— Problem statement —
Reproduce, exactly and in full, the lines from the one with "получил новые управляемые" through the one with "강아지와 놀고 있는 러시아 군인들/ 타이거 다목적차량" in the data below; drop pictures.

— Provided entries —
[Start of Attachment]

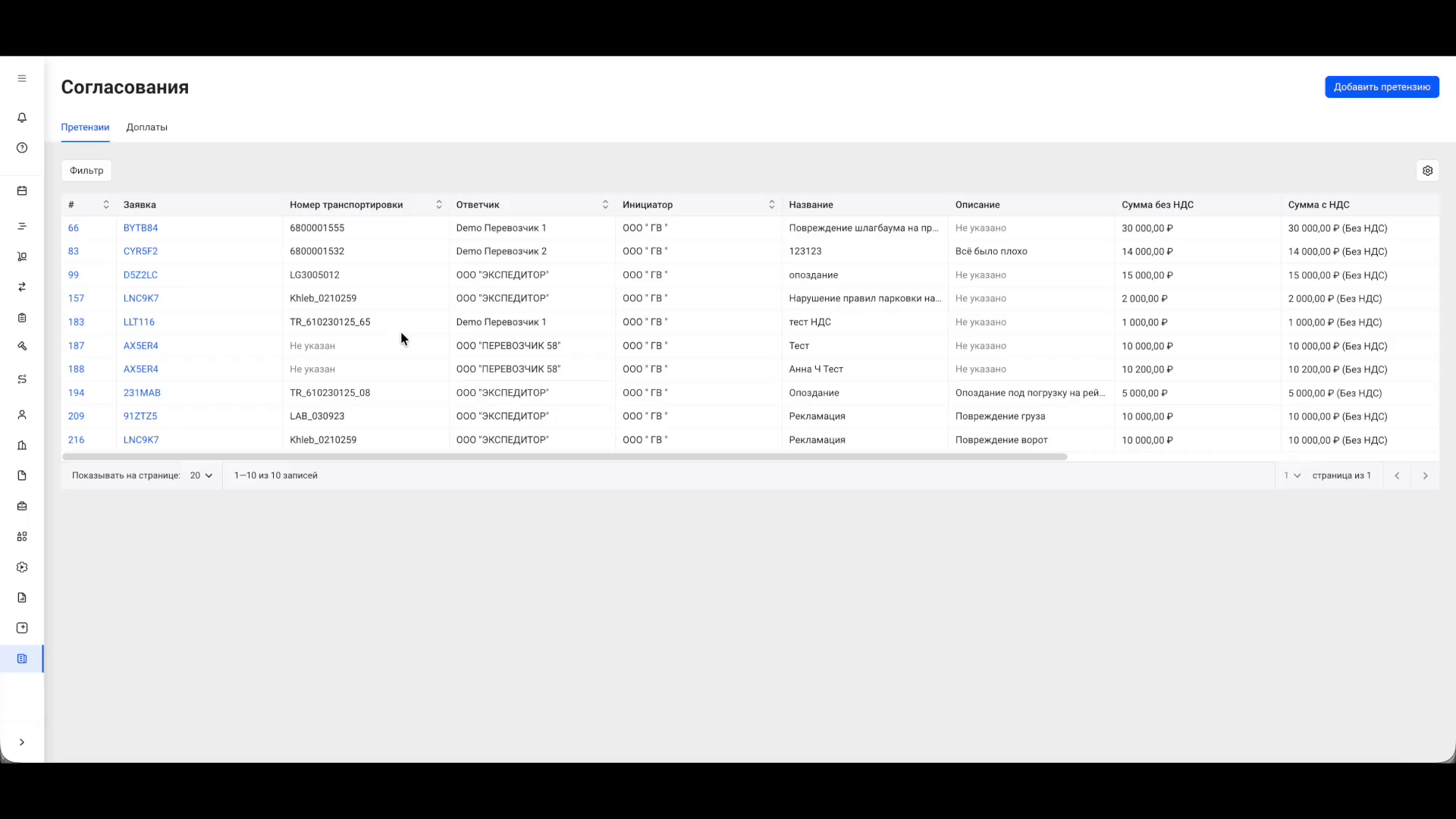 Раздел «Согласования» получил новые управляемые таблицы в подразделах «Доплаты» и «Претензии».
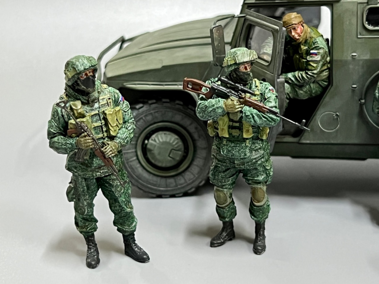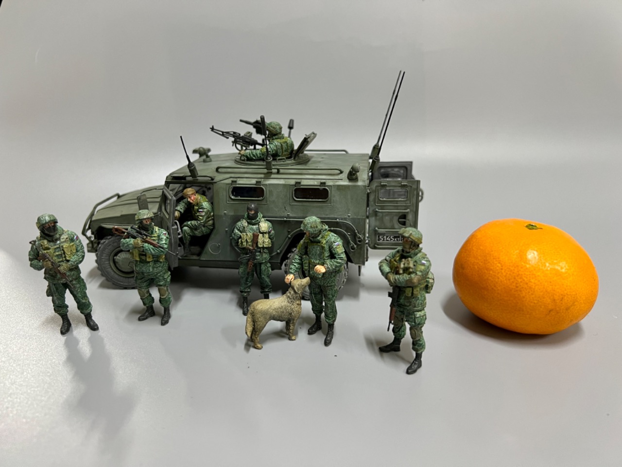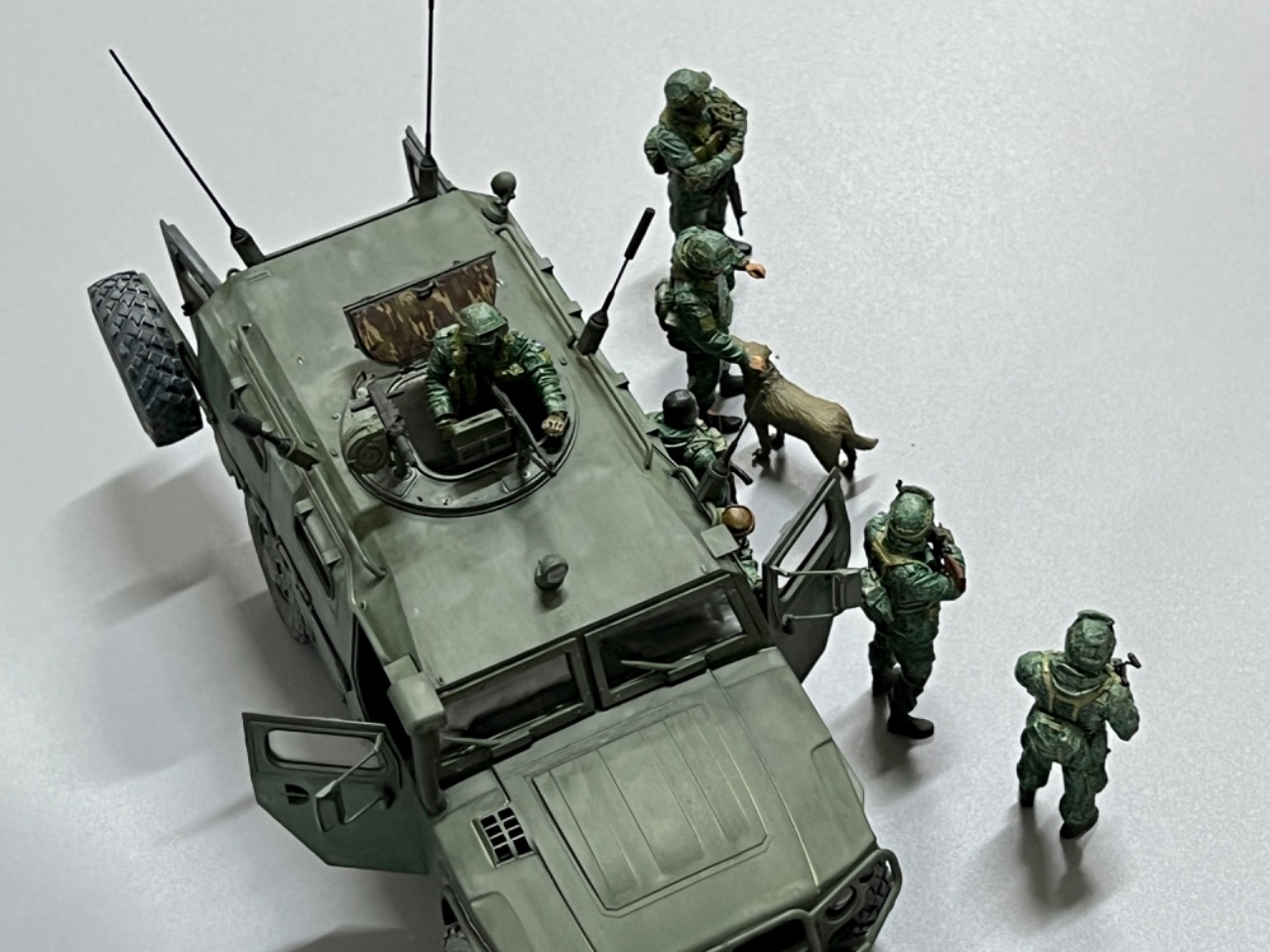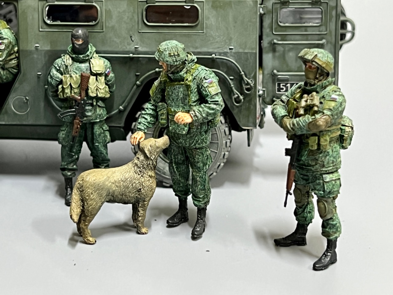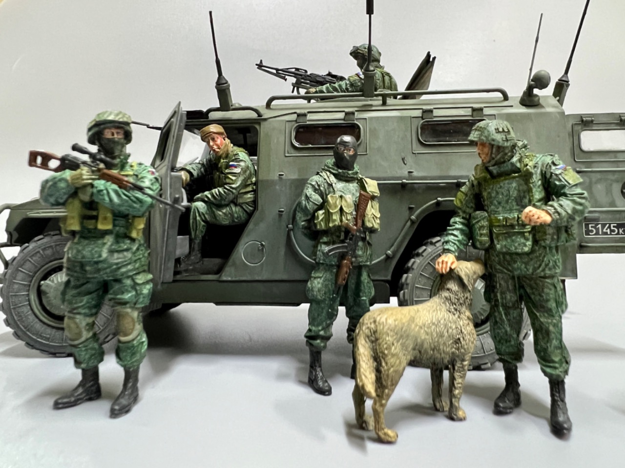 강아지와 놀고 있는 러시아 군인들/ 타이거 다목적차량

[End of Attachment]
[Start of Attachment]

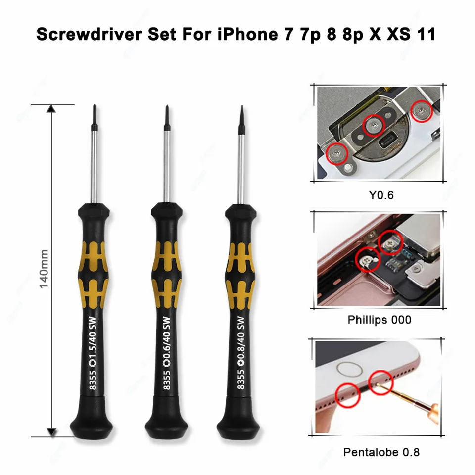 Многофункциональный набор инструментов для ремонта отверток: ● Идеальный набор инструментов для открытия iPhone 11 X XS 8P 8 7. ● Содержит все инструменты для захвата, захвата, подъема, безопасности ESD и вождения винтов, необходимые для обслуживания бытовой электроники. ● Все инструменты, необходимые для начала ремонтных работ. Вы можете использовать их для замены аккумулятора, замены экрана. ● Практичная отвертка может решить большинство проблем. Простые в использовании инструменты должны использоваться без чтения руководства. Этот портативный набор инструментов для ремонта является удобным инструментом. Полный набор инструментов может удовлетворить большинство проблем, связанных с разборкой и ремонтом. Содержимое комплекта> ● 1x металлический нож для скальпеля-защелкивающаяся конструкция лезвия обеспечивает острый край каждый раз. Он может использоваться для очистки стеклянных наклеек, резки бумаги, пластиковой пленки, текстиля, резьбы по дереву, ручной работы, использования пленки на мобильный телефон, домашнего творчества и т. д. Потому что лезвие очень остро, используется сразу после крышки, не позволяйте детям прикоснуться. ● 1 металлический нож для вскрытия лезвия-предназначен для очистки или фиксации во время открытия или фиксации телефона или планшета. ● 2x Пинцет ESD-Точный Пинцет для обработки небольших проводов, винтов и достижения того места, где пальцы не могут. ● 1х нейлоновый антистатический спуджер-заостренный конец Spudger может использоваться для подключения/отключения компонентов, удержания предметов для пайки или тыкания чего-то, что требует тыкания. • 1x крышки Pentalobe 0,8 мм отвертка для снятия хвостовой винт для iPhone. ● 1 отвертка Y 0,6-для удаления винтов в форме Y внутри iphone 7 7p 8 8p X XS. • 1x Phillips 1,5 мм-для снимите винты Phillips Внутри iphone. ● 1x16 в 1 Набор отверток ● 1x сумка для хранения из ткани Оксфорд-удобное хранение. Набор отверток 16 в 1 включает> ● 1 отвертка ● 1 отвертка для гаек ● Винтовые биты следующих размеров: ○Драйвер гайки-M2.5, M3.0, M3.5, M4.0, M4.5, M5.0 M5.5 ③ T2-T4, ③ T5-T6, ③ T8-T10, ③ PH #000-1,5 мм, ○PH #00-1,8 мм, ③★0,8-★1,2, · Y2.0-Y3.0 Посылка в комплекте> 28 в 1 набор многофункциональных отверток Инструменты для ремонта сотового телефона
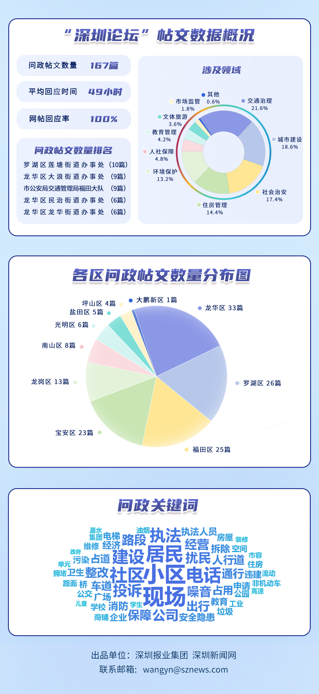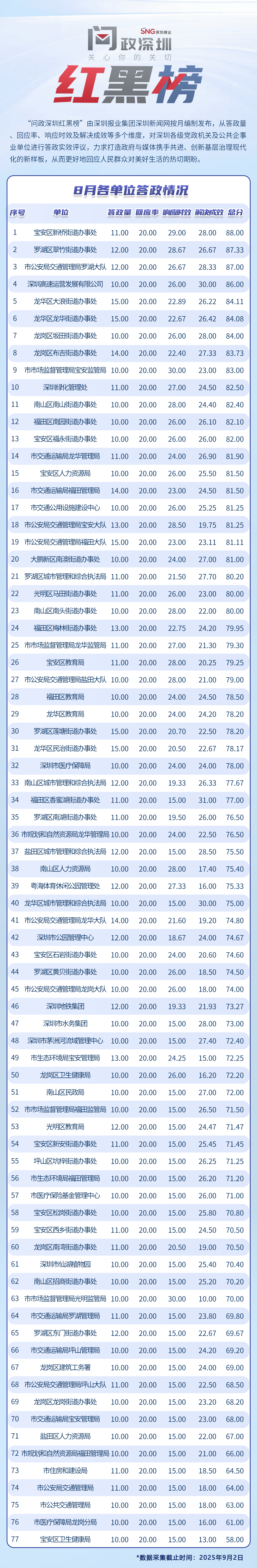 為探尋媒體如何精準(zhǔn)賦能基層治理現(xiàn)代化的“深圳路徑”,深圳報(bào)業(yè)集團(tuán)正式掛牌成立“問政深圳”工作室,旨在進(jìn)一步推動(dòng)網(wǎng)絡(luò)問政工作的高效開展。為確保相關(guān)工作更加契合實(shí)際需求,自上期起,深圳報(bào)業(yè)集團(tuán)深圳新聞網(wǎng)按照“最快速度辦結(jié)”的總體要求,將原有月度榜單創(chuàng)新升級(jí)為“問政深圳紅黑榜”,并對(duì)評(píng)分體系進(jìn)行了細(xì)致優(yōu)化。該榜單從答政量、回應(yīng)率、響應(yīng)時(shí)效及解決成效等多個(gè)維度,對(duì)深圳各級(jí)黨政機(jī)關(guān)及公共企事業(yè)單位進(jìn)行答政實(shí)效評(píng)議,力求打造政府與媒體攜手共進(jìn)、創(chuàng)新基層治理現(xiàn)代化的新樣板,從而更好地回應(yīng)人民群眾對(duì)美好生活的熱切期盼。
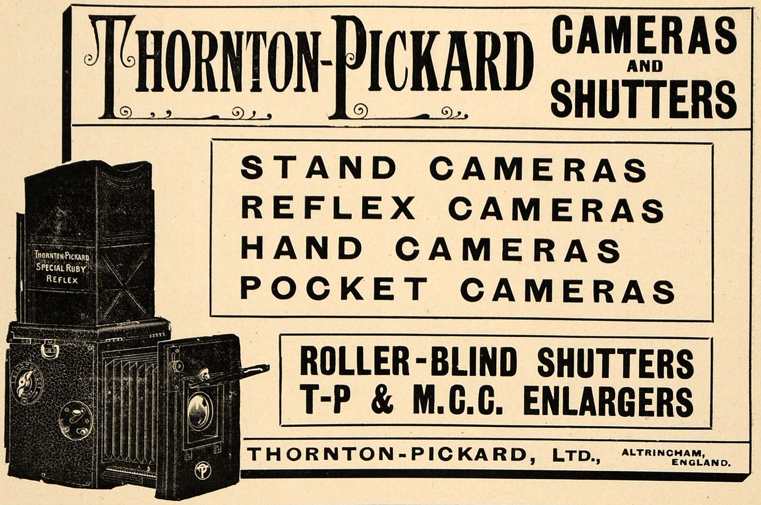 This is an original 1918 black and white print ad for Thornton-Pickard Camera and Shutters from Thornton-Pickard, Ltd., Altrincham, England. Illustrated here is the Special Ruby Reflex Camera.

[End of Attachment]
[Start of Attachment]

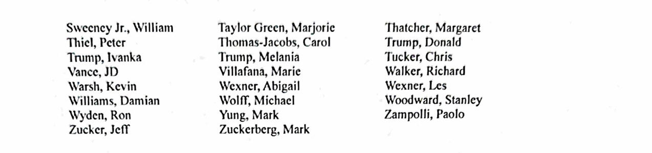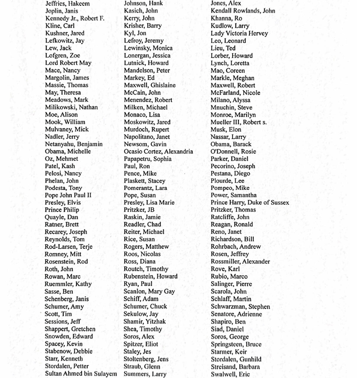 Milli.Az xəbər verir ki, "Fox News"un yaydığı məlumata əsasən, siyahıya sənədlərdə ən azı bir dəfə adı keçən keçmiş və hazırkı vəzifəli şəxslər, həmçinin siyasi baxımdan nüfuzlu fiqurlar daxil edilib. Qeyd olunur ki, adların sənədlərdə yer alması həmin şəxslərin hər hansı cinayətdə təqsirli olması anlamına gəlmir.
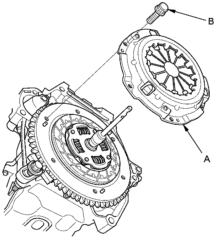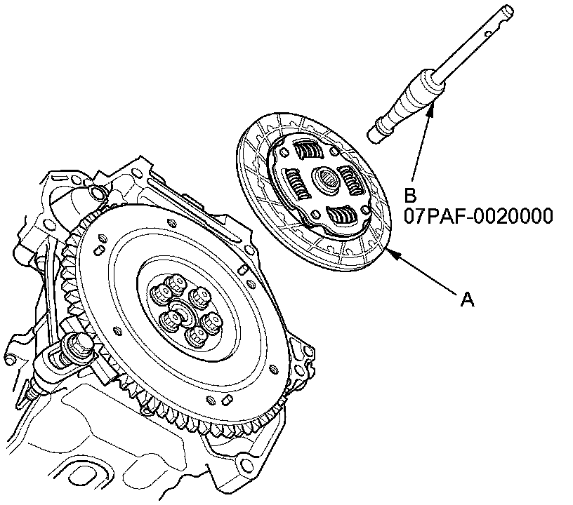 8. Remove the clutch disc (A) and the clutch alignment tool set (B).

[End of Attachment]

— Result for this task —
 Раздел «Согласования» получил новые управляемые таблицы в подразделах «Доплаты» и «Претензии».
 강아지와 놀고 있는 러시아 군인들/ 타이거 다목적차량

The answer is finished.